Markets eagerly awaited this morning’s release of the November nonfarm payrolls report. The employment component of the ISM non-manufacturing report was robust and expectations of heavy Thanksgiving holiday hiring led to predictions of an upward surprise to the 200,000 jobs forecast.
There was a surprise, but it wasn’t upward.
November employment rose 155,000, and the unemployment rate was unchanged at 3.7%. FX markets were underwhelmed. The US dollar was sold across the board, but the moves were shallow, and as of 1400 GMT the gains were marginal.
EURUSD rallied from 1.1370 to 1.1410 and then dropped to 1.1390 while GBPUSD and USD JPY retraced all their post NFP moves.
USDCAD was the biggest loser today, dropping from 1.3390 to 1.3261 as of 1345 GMT. Canada added a jaw-dropping 94,100 new jobs in November and 89,000 were full-time. The data was a ray of sunshine after a week which saw WTI oil prices flirting with $50.00/barrel and a clear dovish flip-flop by the Bank of Canada. The plunge was worsened by stop losses being triggered on the break of 1.3340 and 1.3280. Longer term, fears about the impact of soft oil prices on the domestic economy, the risk of reprisals by China for Canada’s arrest of the Huawei CFO, downgraded rate hike expectations and uptrend line support at 1.3200 will limit USDCAD losses.

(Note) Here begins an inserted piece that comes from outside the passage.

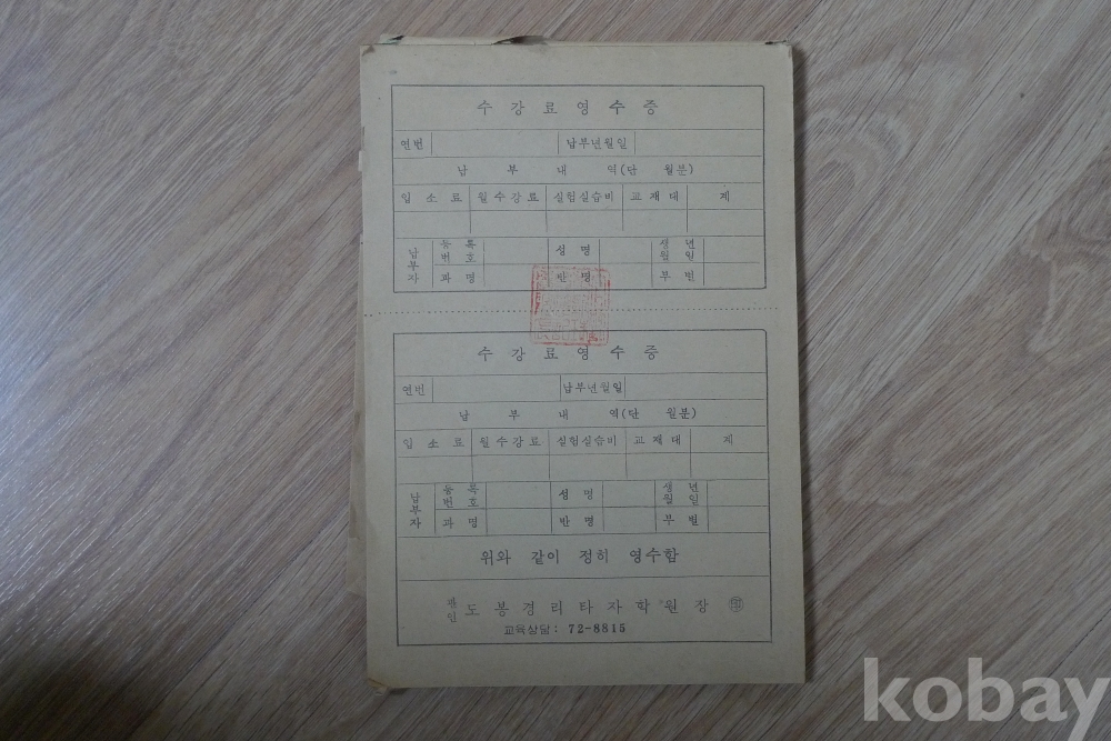 1970년대 도봉 경리 타자 학원 수걍료 영수증 1묶음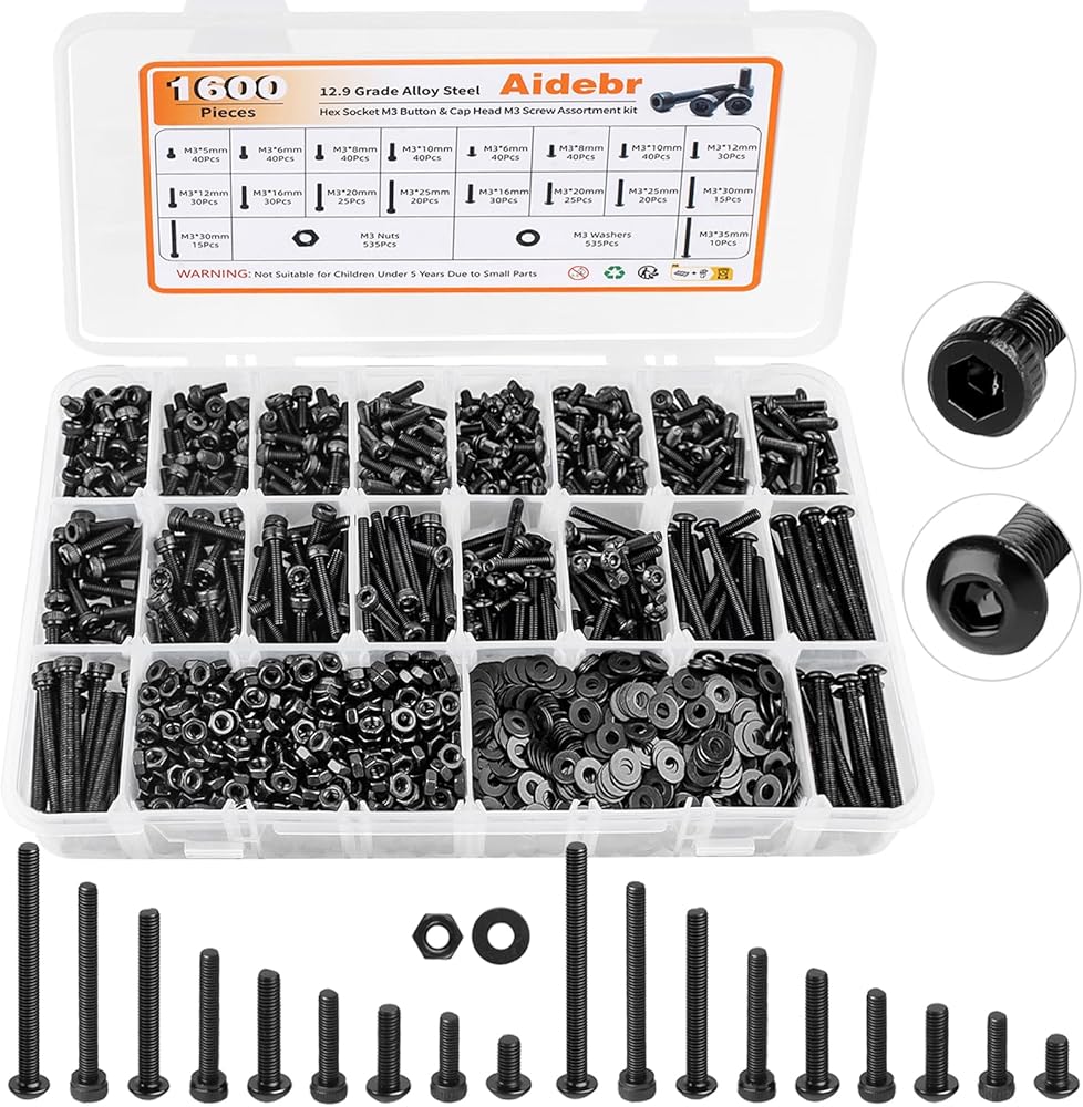 • 【1760pcs مقبس Hex مقبس رأس المقبس مقاس】 الحزمة تأتي مع 1760pcs m2 m3 m4 m5 المسمار ، المكسرات ، الغسالات القفل والمسطح ، وجع ألين ، والتي تشمل أنواع 16 أحجام مختلفة وأطوال سد سد السداسي شائع حجم المسمار لتلبية احتياجاتك المتعددة ، يأتي مع 4 أجهزة كمبيوتر مفصلية Allen بحجم مختلف لمريحة عند الاستخدامات.

Wall Street has fallen into the red, and traders are anxious that China may walk away from the trade war truce considering the Huawei arrest.
It is going to be another busy week with major data competing with the UK Parliament vote on Prime Minister Theresa May’s Brexit plan and the impact of the Italy budget dispute at the European Union council meeting. Other factors are the final Opec production quota decision and Washington politics.